- EXERCISE DETAILS: In the entries below, which lines run from the one with "闭合电路的一部分导线ab处于" through the one with "511912 | 1866-PR-62"? Repeat exactly those, both included, and no pictures.

- INPUT MATERIAL:
==========
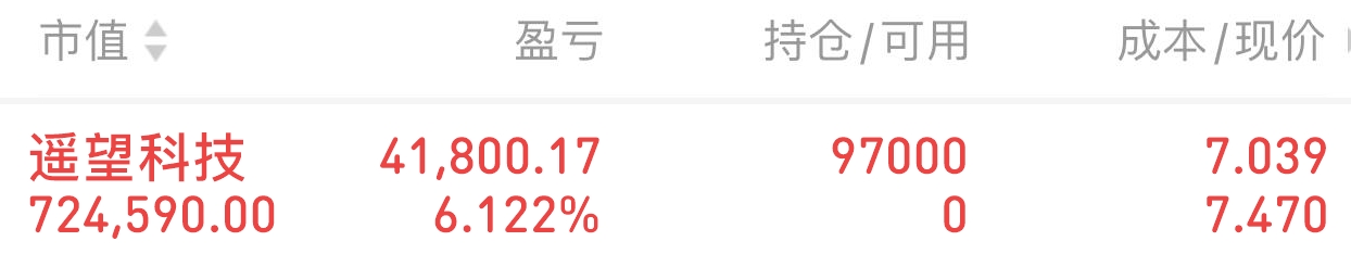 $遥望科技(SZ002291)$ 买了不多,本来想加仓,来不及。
==========
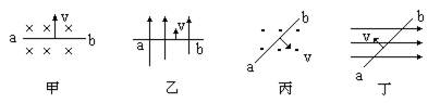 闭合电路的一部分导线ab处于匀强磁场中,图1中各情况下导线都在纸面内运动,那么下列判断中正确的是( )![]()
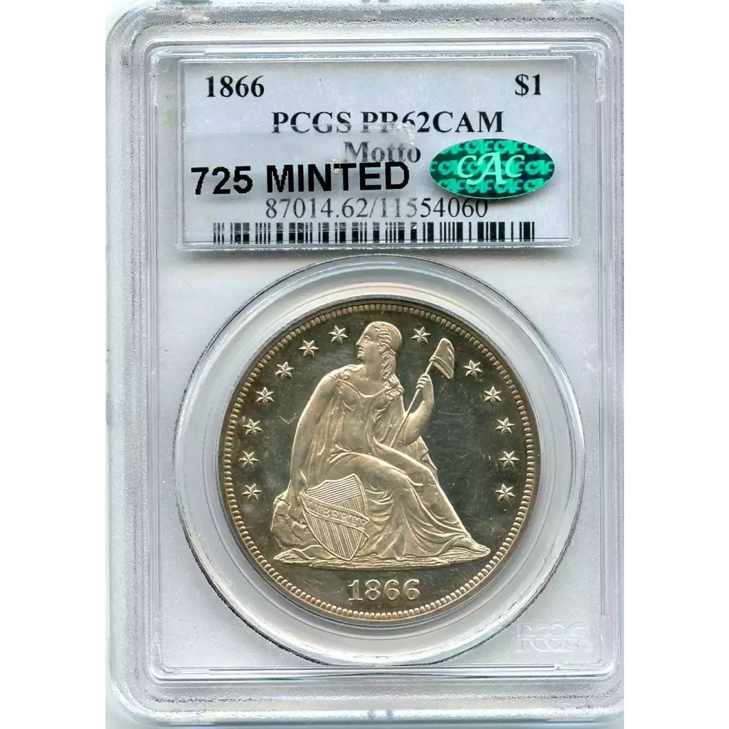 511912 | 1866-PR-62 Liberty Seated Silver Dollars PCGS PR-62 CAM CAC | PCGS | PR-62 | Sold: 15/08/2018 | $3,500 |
==========
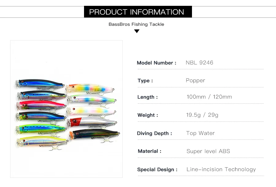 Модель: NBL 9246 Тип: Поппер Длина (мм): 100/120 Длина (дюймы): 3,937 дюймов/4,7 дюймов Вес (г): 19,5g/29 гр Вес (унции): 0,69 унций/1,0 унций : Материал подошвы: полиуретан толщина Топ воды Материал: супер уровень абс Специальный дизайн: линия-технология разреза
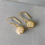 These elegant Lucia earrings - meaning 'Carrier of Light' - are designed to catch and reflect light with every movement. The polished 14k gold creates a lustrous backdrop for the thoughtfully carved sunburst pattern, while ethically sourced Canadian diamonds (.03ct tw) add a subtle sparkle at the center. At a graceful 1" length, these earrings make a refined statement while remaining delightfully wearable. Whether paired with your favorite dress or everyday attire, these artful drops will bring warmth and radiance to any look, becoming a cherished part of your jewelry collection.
==========
- RESPONSE BOX:
 闭合电路的一部分导线ab处于匀强磁场中,图1中各情况下导线都在纸面内运动,那么下列判断中正确的是( )![]()
 511912 | 1866-PR-62 Liberty Seated Silver Dollars PCGS PR-62 CAM CAC | PCGS | PR-62 | Sold: 15/08/2018 | $3,500 |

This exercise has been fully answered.